On admission to the ED, blood work revealed hemoglobin 7.0 g/dL, hematocrit 19%, lactate dehydrogenase (LDH) 1543 IU/L, and unconjugated (indirect) bilirubin 4.8 mg/dL. Electrolytes and liver enzyme tests were within normal limits.

  1. Propose a drug-induced cause for these observations
  2. Is this type of adverse drug event common for this drug? This class of drugs?
  3. How should this patient be treated?
  4. What other laboratory tests might be useful?

Case 2

Patient presents to clinic because he ran out of atenolol. PMH includes hypertension, hyperlipidemia, impaired fasting glucose, and microcytic anemia. Routine labs include TIBC 585 ug/dL (normal 228-428), transferrin 418 mg/dL (normal 200-400), Fe 11 ug/dL, ferritin 5 ng/mL (normal 30-400).

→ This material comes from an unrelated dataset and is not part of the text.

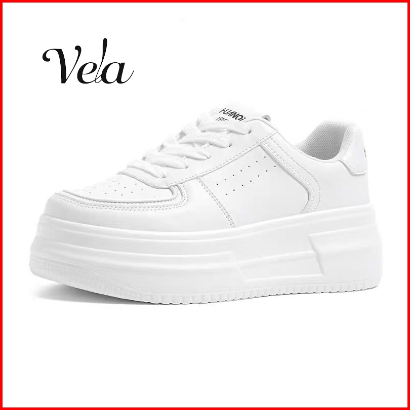 Vela Sepatu Sneakers Wanita Putih Olahraga Jogging Korean Casual Kanvas Kasual Sol Tebal Untuk

  1. What is this patient’s % iron binding saturation? Is it consistent with the rest of his clinical picture?
  2. How would you classify this patient’s iron status?
  3. What kinds of drugs could cause these findings?
  4. What pathological conditions could cause these findings?
  5. What other laboratory tests might be indicated?

Case 3

A 56 year old white male presented with abdominal and ankle swelling of several months duration. The patient was well-developed, looked tanned even though it was winter, and had normal vital signs. His abdomen was protuberant with a fluid wave. There was no palpable liver edge.

Laboratory data showed normal values for Hb and leukocyte count, normal electrolytes, no blood ethanol, a marginally elevated bilirubin, slightly elevated AST and ALT, and a cholesterol of 182 mg/dL. The total serum iron was 316 µg/dL (normal: 65-170); transferrin 218 mg/dL (187-318); transferrin saturation, 95% (20-50%), and ferritin 2542 ng/mL (20-250).

  1. What is the likely diagnosis?
  2. Is there any significance to the fact that the patient looked well tanned?
  3. What values would you expect for TIBC?